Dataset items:
━━━━━━━━━━

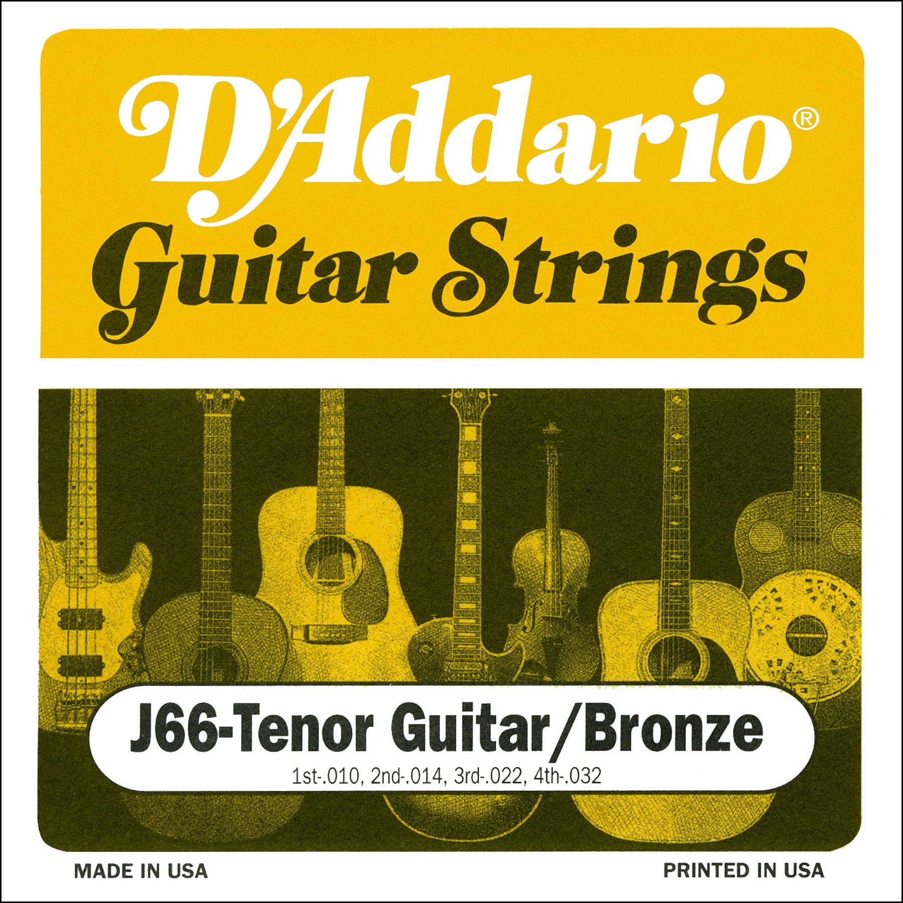 D'Addario Tenor guitar strings are made specifically for steel string Tenor Guitars. J66 Tenor Guitar strings are made from Plain Steel and 80/20 Bronze wound strings which provide bright, projecting acoustic tone.
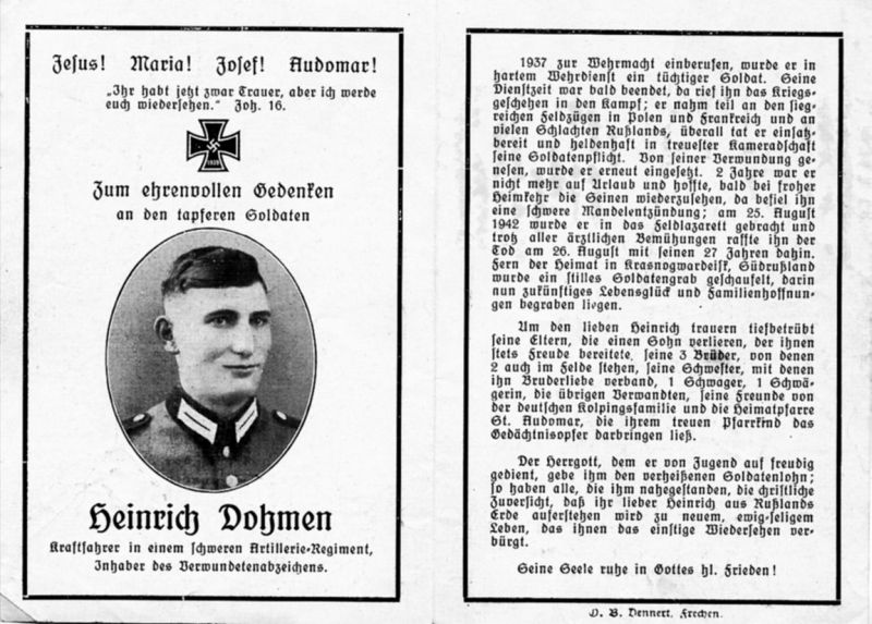Gefallener 2. Weltkrieg; aus Frechen; 1937 zur Wehrmacht einberufen; Teilnahme an Kämpfen in Polen, Frankreich, Rußland; 25.8.1942 mit schwerer Mandelentzündung in Lazarett; Grab in Krasnogwardeisk |
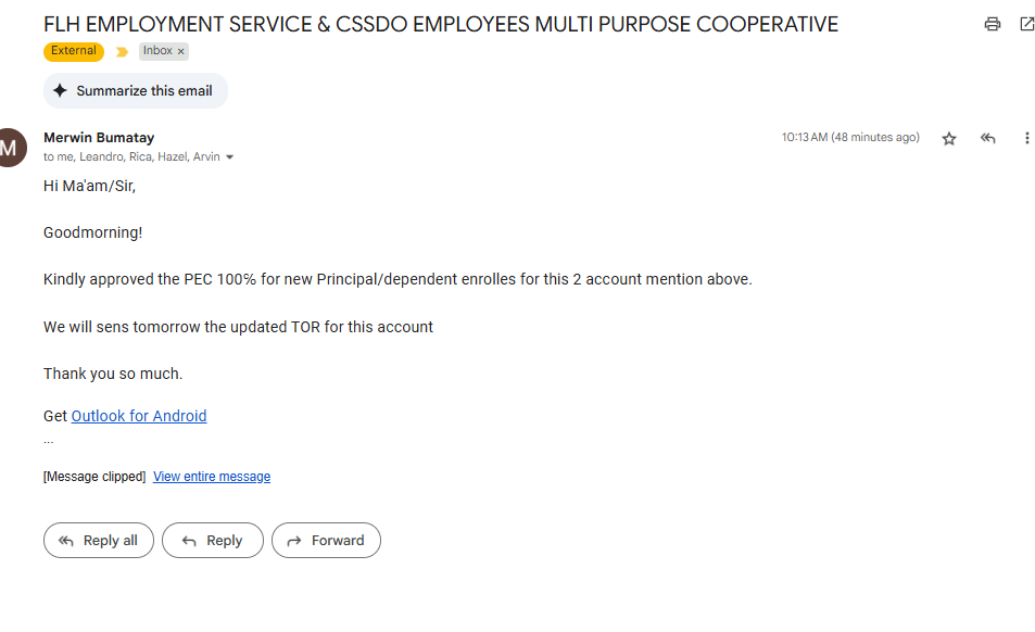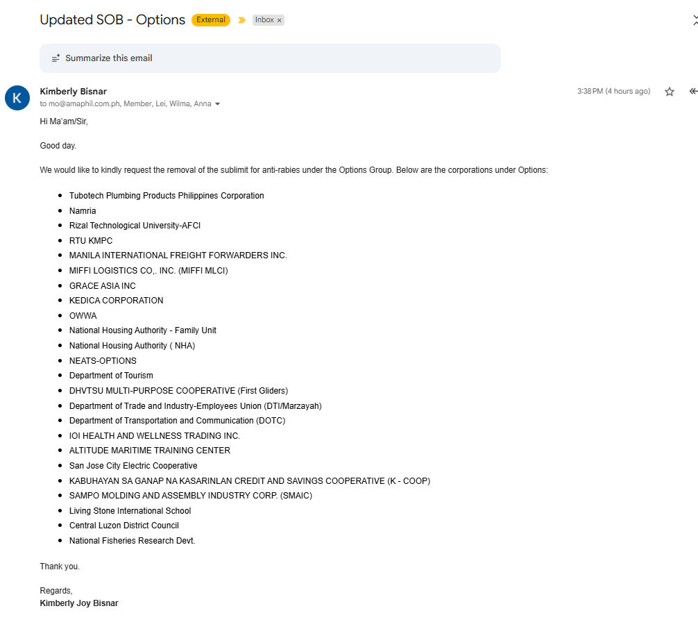 - All approval requests with amount of Php15,000 and above is required to seek approval first of the Polaris team before we can issue LOA.
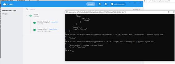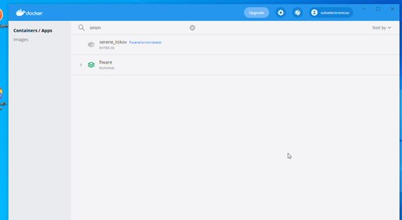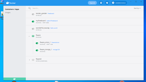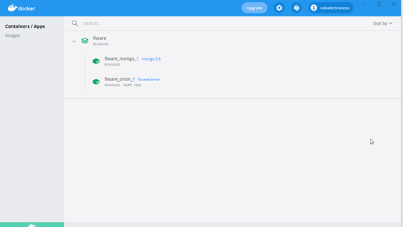 También desde el interfaz gráfico de dockers debe aparecer corriendo el contenedor de fiware ejecutándose:
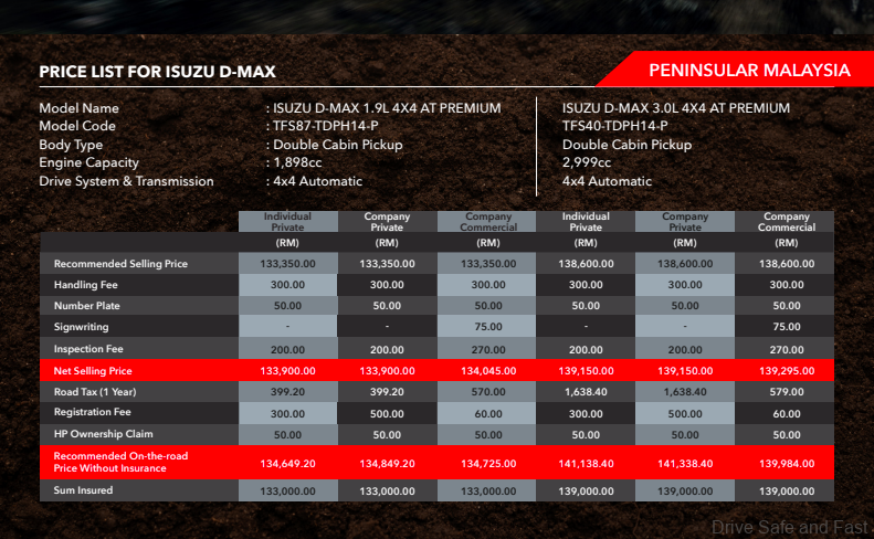 So, really not to worry as Isuzu also has a very good diesel sipping version of the D-max which is the 1.9L 4×4 Premium variant which is priced at RM134,649.20. Maybe this variant is better suited for your needs.
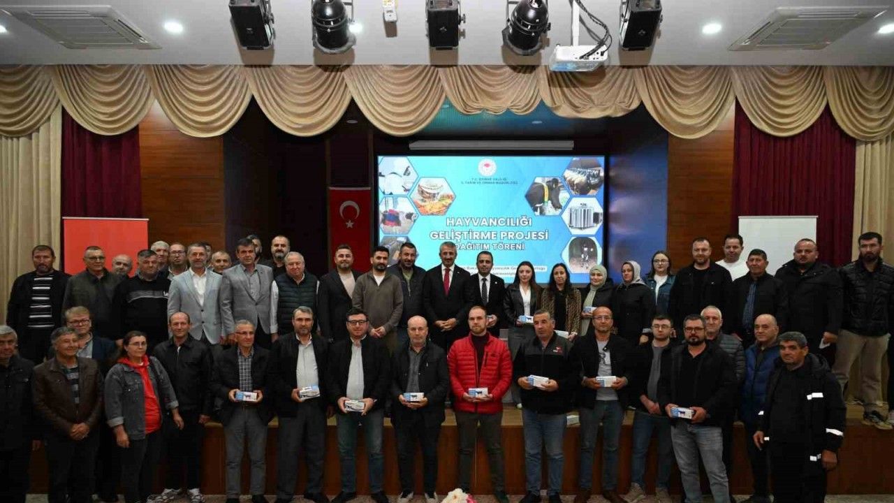 Konuşmaların ardından Vali Yunus Sezer ve Tarım İl Müdürü İslam Köse, üreticilere mastitis tespit cihazını dağıttı.
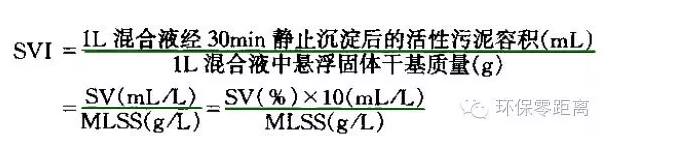 ?、谖勰囿w積指數(shù)(SVI)是指曝氣池出口處的混合液經(jīng)30min靜置沉淀后,1g干污泥所形成的沉淀污泥體積,其單位mL/g其計(jì)算為:
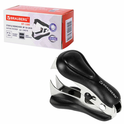 Антистеплер для скоб № 10 и № 24/6, BRAUBERG "ST-100", с фиксатором, черный, 228578
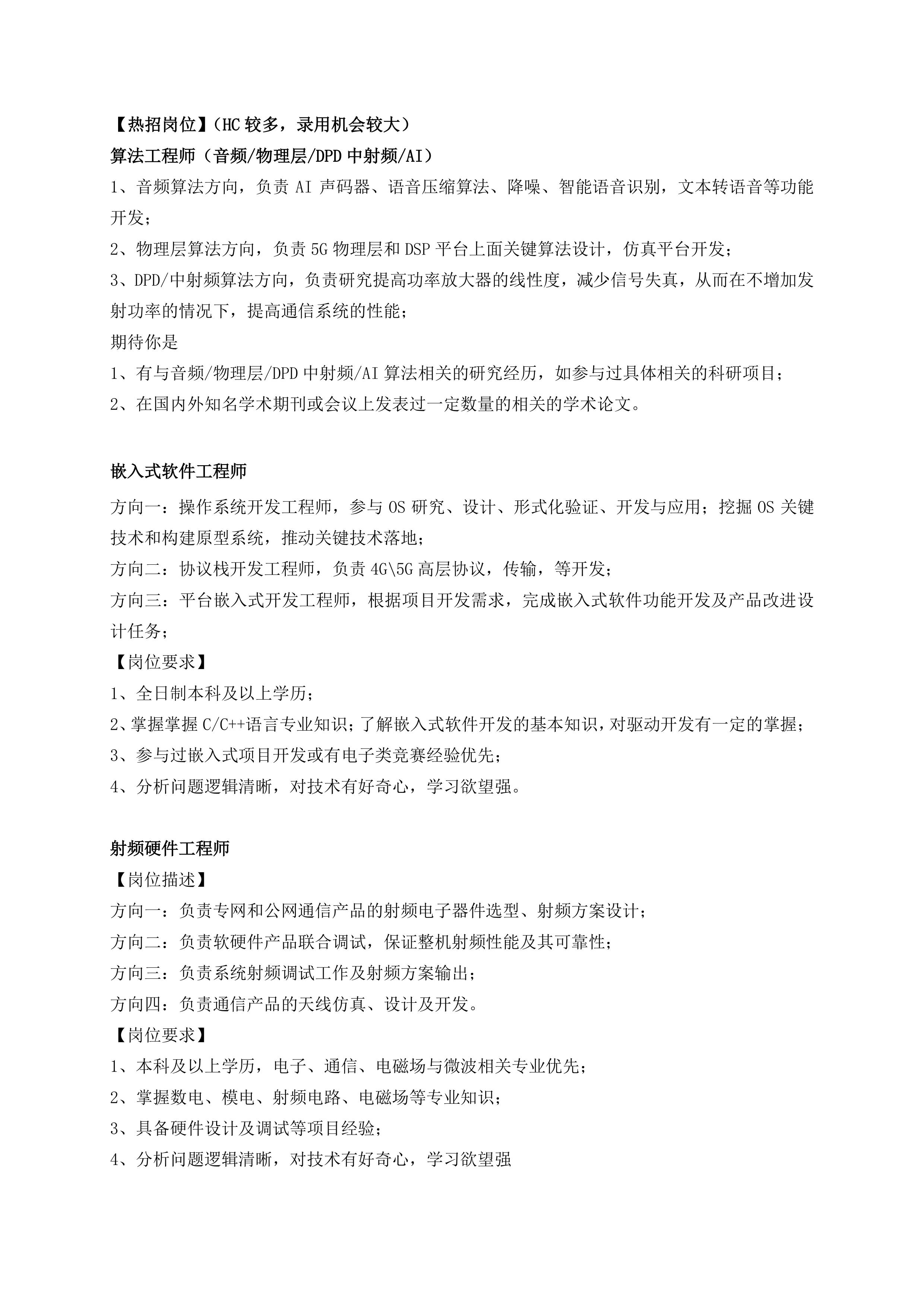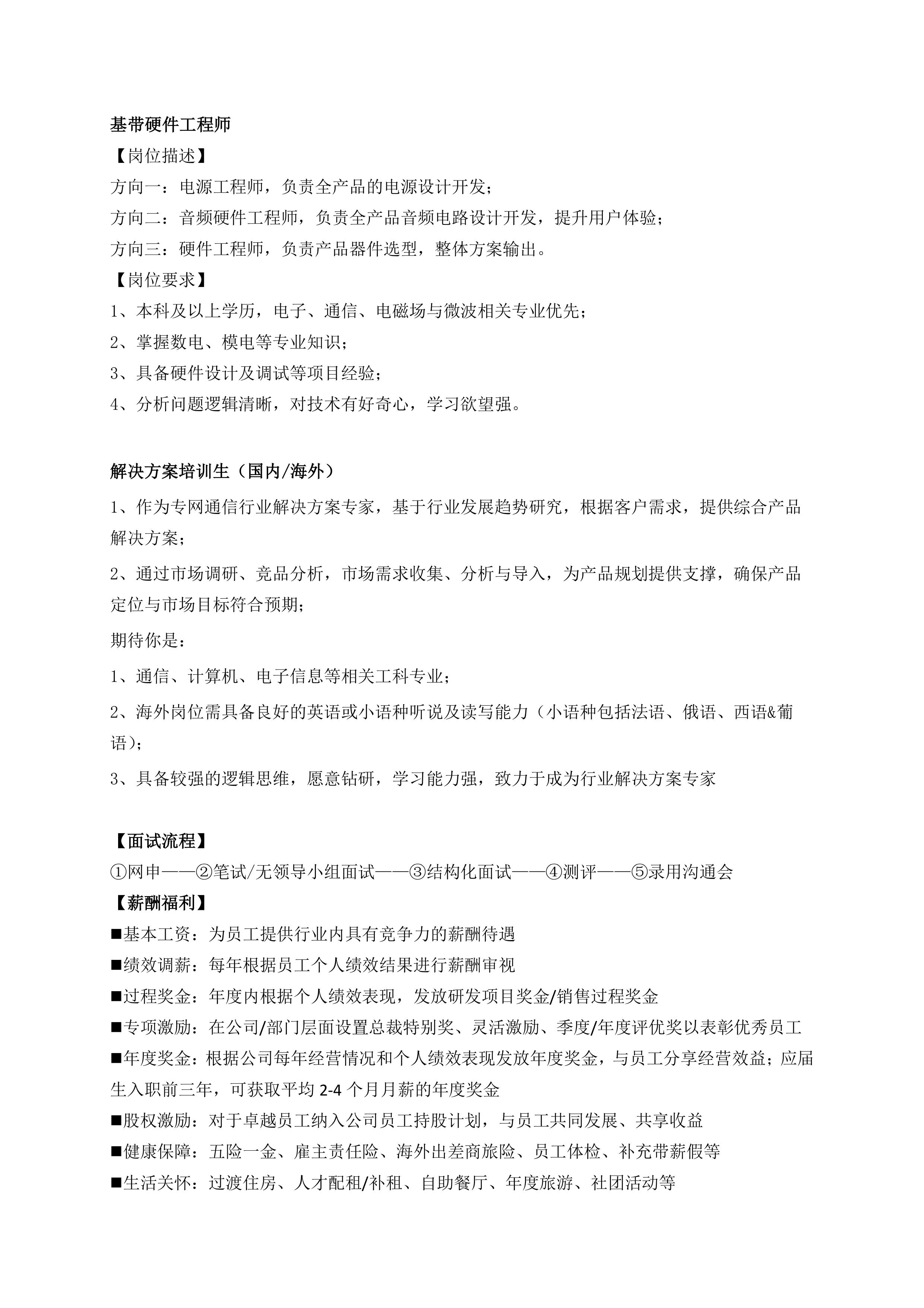 • 热推岗位:射频硬件工程师、算法工程师、产品经理培训生、解决方案培训生(海外)、销售经理(国内/海外)
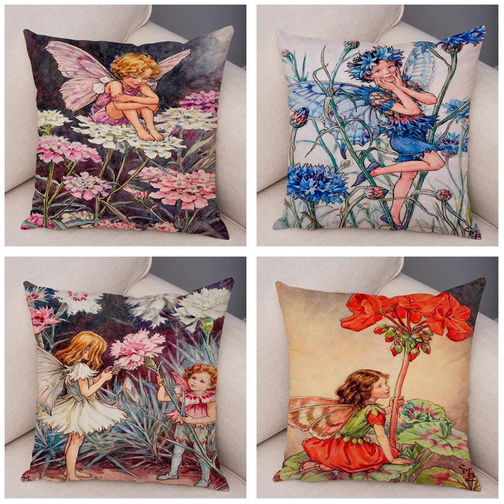 Разноцветная сказочная наволочка с изображением эльфов, милый мультяшный цветочный чехол для подушки, чехол для дивана, домашний наволочка из полиэстера чехол
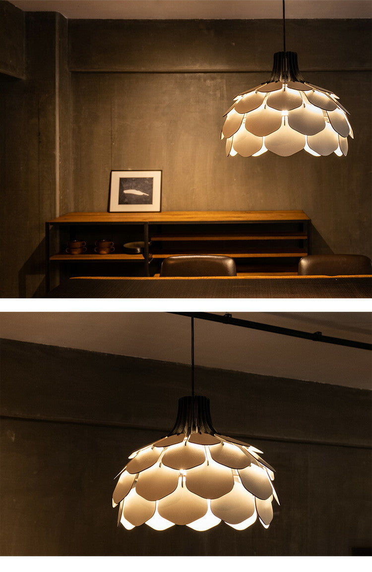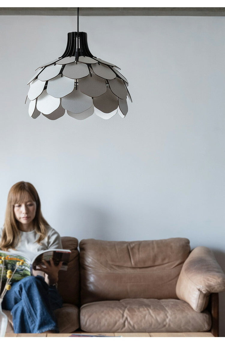 たくさんの羽を組み合わせて構成されたこのライトは植物の種子のような優しいフォルムを持っています。
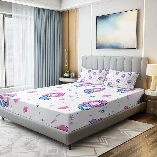 Ensemble Drap Housse Et Taie d'oreiller, Imprimé Dessin Animé Abstrait Étoiles Microfibre avec Élastique pour Matelas Epais - Draps Housse Confortable (160 x 200 + 30 cm,Blanc)
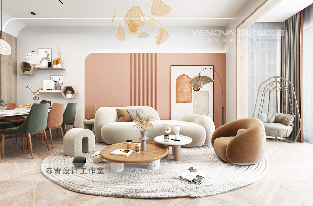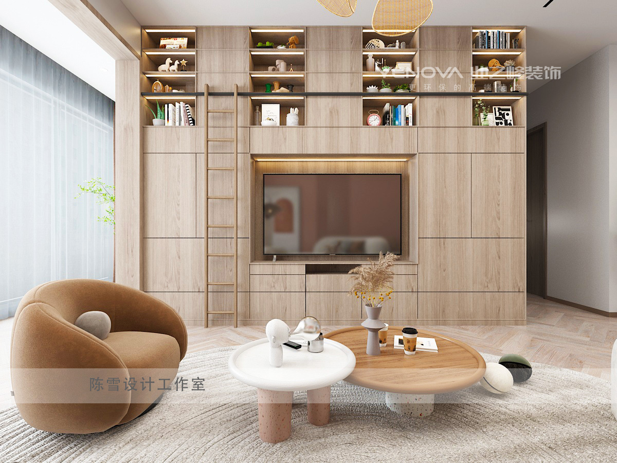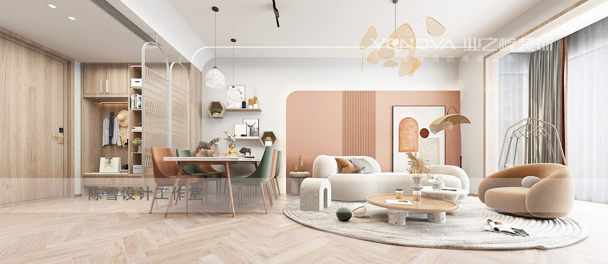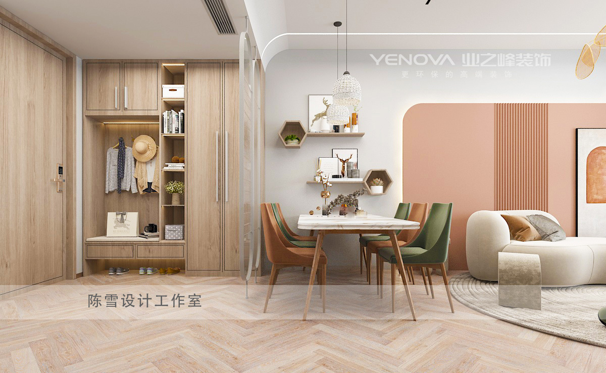 本案例为现代风格,业主作为婚房,温馨,以原木色为主,业主喜欢亮色,沙发背景墙用亮色提亮,客厅做弧形吊顶增加层次感,门口玄关设计,不遮挡采光的同时也保证了隐私。

━━━━━━━━━━

• [Exercise objective]: Copy word for word the lines of the records above from the one with "Gefallener 2. Weltkrieg;" up to and including the one with "También desde el". Skip the pictures.

• [Exercise result]:
Gefallener 2. Weltkrieg; aus Frechen; 1937 zur Wehrmacht einberufen; Teilnahme an Kämpfen in Polen, Frankreich, Rußland; 25.8.1942 mit schwerer Mandelentzündung in Lazarett; Grab in Krasnogwardeisk |
 - All approval requests with amount of Php15,000 and above is required to seek approval first of the Polaris team before we can issue LOA.
 También desde el interfaz gráfico de dockers debe aparecer corriendo el contenedor de fiware ejecutándose:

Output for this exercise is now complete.